3 Ocak 2017 Salı

Dönüşüm - Franz KAFKA


Toplumsal yaşamın içinde sosyal varlıklar olarak yer alan biz insanların gerek sosyal yaşamda,gerek iş yaşamında ve gerekse de aile yaşamında çoğu kez karşılaştığı "insana değersiz olduğunu hissettiren" durumları "böcek metaforu" ile bize ustaca anlatan,pek çok anda sizi derince düşünmeye sevkeden,sınıfsal olarak ötekileştirilen çoğu insanın kendinden bişeyler bulacağı bu yapıtta hikaye edilen durumların taşıdığı tüm kavramlar,esasında farkındalık uyandırmak adına insanı tokatlayan cinsten.. 

Yine insan egosu devreye giriyor.Yine insanın cahilce üstün olma çabası,ayrımcılık,kibir ve ego..

Ve insanı insan olarak görmeyip te ona böcek muamelesi yapan insanlıkdışı acımasızca tutumların bir insanı ruhsal olarak hangi noktalara getirebileceğinin altını çizen,sadece farklı olduğu için yalnızlaştırılan,farklı olduğu için hisleri yokmuşçasına ezilmeye ve sevgisiz bırakılmaya mahkum edilen hayatların diğerlerinin gözünde hiçbir değer taşımadığını,ona önemsiz bir şey-nesne-varlıkmış gibi davranılmasının acı sonla biten bir hikayesini müthiş bir kurguyla sunmuş yazar...

A.Huxley ne diyordu; "eğer farklıysan yalnızlığa mahkum oluyorsun!..."

Hatta ölüyorsun!!..
Gregor ne yapsın! 
Belki de dönüşmek gerek en yakınlarınızın size karşı nasıl değişeceğini görmek ve anlamak için...
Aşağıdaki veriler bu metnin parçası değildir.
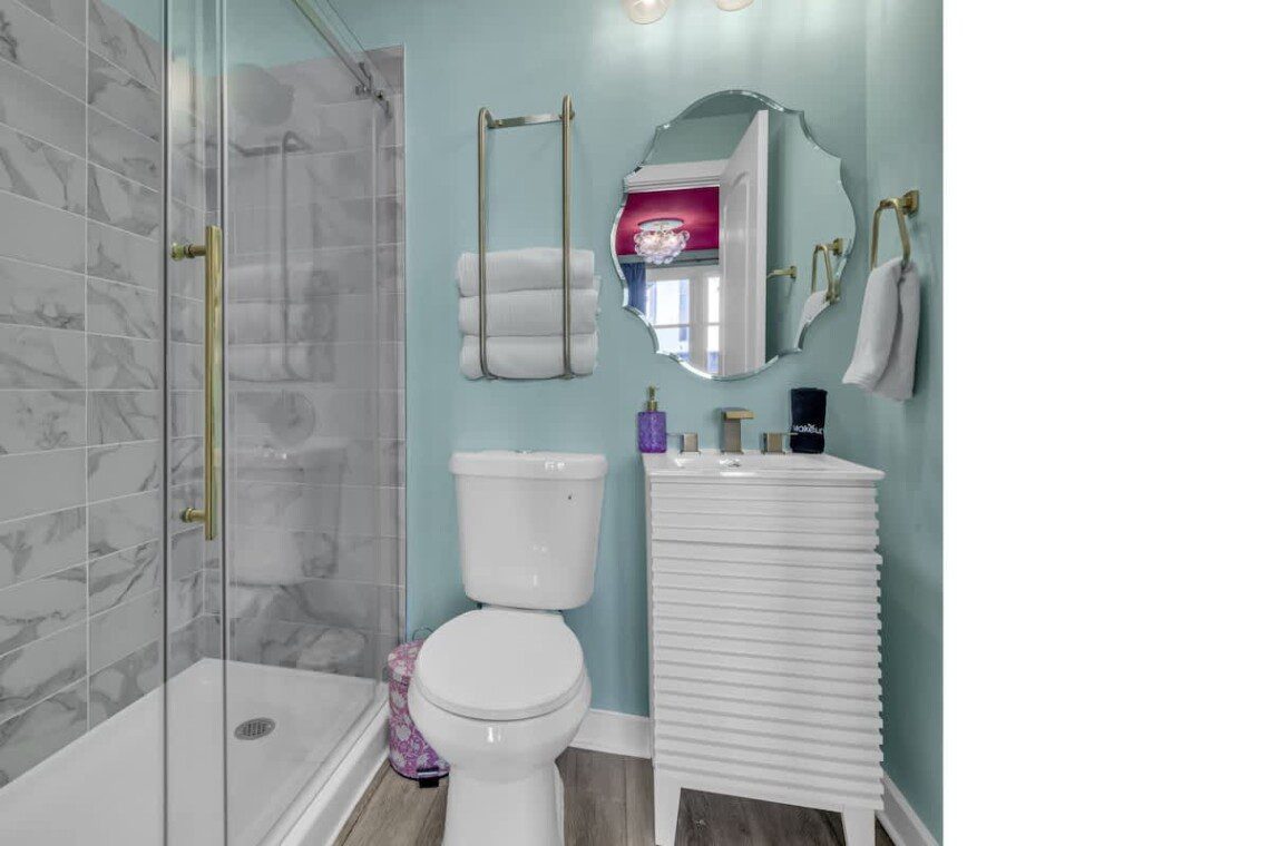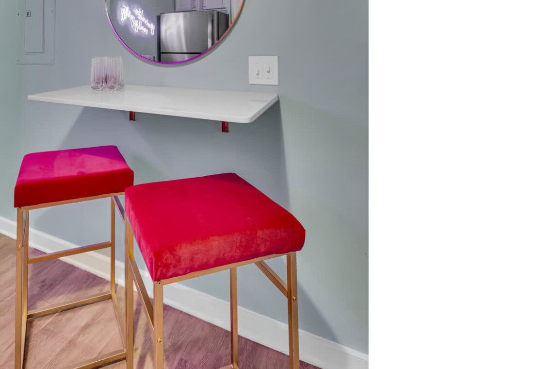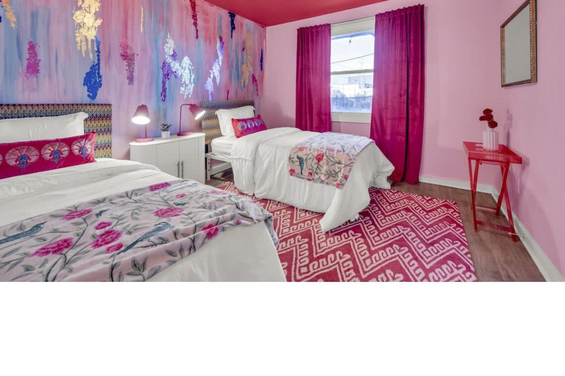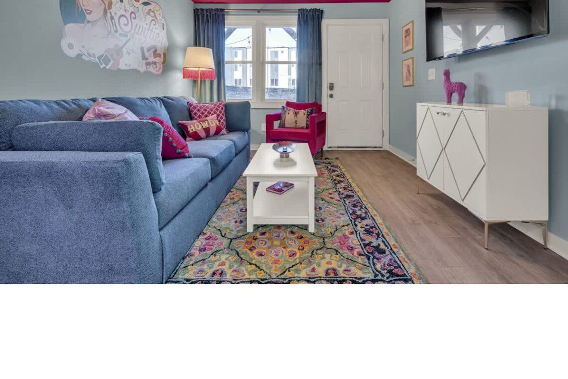 Welcome to our Taylor Swift – themed apartment. This two bedroom and one bathroom apartment, provides a comfortable space to call home after exploring a day in the music city. The living room provides ample space to relax and stream your favorite shows on our mounted flat screen Smart TV. The sofa bed also pulls out into a queen sized bed, allowing for 6 guests to stay in this apartment.

Ahmet Cemal - Başkaldırısı bilinçaltında başlar; bu bilinçaltı kendine uygun biçimi yaratır: Gregor Samsa’nın böceğe dönüşmesi, gerçekte artık başkalaşmasıdır.

Ahmet Cemal - Dönüşüm, hiyerarşi ve otorite düşüncesiyle temellenen, bu amaçla sözü edilen düşünceyi önce aile kurumu içerisinde odaklaştıran toplum içerisindeki bireyin tragedyasıdır. Gregor Samsa, “dönüştüğü” güne değin çeşitli kölelikler içerisinde yaşamış bir toplum tekidir; işyerinde köledir; aile çevresinde köledir ve zincirleri içerisinde uslu oturduğu sürece de benimsenip sevilir.

Tezer Özlü - "Kafka ile yaşamak, acınacak güzelliğimizin en büyük umudu."
TEZER ÖZLÜ-1984



*"Herkes beraberinde taşıdığı bir parmaklığın ardında yaşıyor."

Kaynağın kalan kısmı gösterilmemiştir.